FAQs [Frequently Asked Questions]
How do I remove tree sap from a car windshield?
Removing sap from a windshield isn’t very different than removing it from other parts of the car. You should start by cleaning as much as you can with soap and water. Then apply alcohol (or an alcohol-based product) to the hard sap to make it soften up. Use a towel soaked with alcohol for that. Let it work for some moments, then rub the spot until the sap comes off. It might require several applications before being able to remove the tree sap.
Finally, use your favorite glass cleaner to clean up any leftovers from your windshield.
Does Goo Gone damage car paint?
No, it doesn’t. Goo Gone is safe for car paint; actually, it works pretty well for removing tree sap. If you have any available, it’s a good alternative to the options I gave you earlier. If you need to buy it, consider getting the “automotive” version of the product, which is also good for other cleaning activities on your car.
Will vinegar remove tree sap from the car?
Vinegar is another common household option to remove tree sap from a car. It’s certainly good for fresh sap; you might need a more aggressive product to remove very stubborn sap. It’s worth it to give it a try. Follow the steps I mentioned earlier and you should get good results with it.
How to remove tree sap from the car with WD40?
WD40 is safe to use on cars to remove sap. Its penetration characteristics are ideal to make tree sap come off the car paint/windshield. Apply it on the area and give it some time to break up the sap; then use a clean rag to remove it. Wash the residues with soap and water.
As you can see, dealing with tree sap is rather easy. The key here is taking action as soon as possible; it’s easier to remove liquid sap than crystalized sap. Plus, there’s a higher chance you’ll damage the paint by attacking stubborn paint. To avoid that, make sure you use the right product. Choose between one of the alternatives I gave you.

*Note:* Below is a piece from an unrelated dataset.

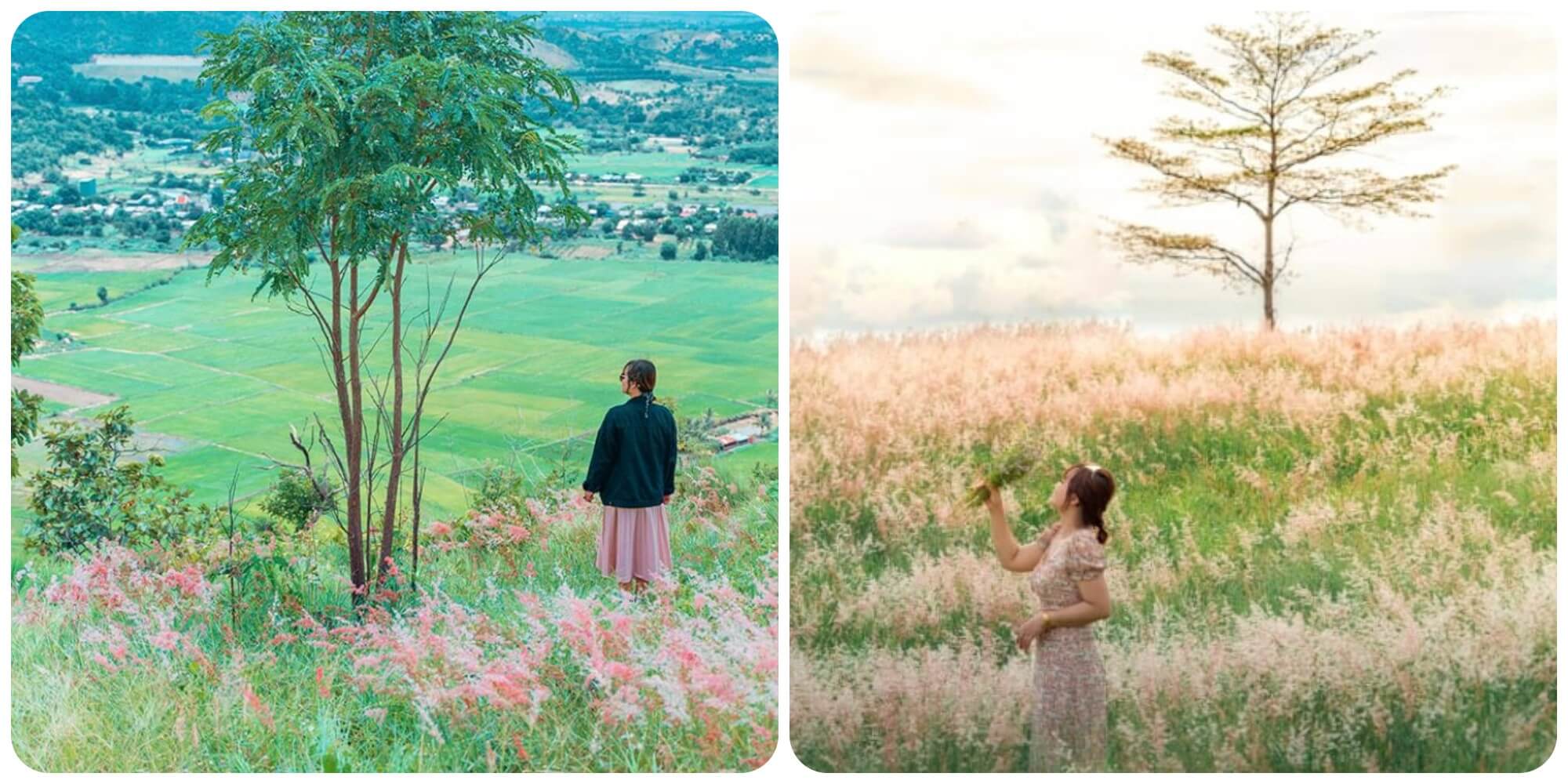 Chuyến đi khoảng 45 phút,nhưng dường như ngắn lại bởi cảnh đẹp hai bên đường. Từ xa,tôi đã nhìn thấy đồi cỏ hiện lên mờ ảo trong làn sương sớm,trông như một tấm thảm hồng mong manh trải dài trên sườn đồi thoai thoải. Cảnh tượng ấy khiến lòng tôi nôn nao,mong ngóng được chạm vào vẻ đẹp đầy cuốn hút và thơ mộng ấy. Khung cảnh này nhìn qua rất giống Đà Lạt nhưng vẫn mang một nét gì đó rất riêng của Gia Lai,đây cũng là một trong những lý do khiến nơi đây thu hút hàng trăm du khách đến tham quan và chụp ảnh.
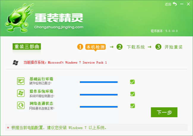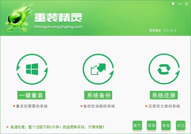 1、点击下载软件,并正常打开,点击软件主界面的"一键重装"按钮进入"下一步",如果你本机中已经有过GHO镜像文件,则可以用第三步的"系统还原"来还原您之前的电脑配置!

Decide if you want to use a professional cleaner or a household option. Any oil-based solvent should do the trick, just make sure they don’t damage your paint by trying in a hidden spot first. And be careful when handling them, since they are toxic most of the time. Using rubber gloves is always advised.
If you got your car covered in tree sap because you parked under a tree to take advantage of its shade, consider getting a windshield sunshade. That way, you will protect your car interiors and yourself from the sun heat without having to deal with sap again.
If you will happen again to have tree sap on your car, make sure to address the problem as soon as you can!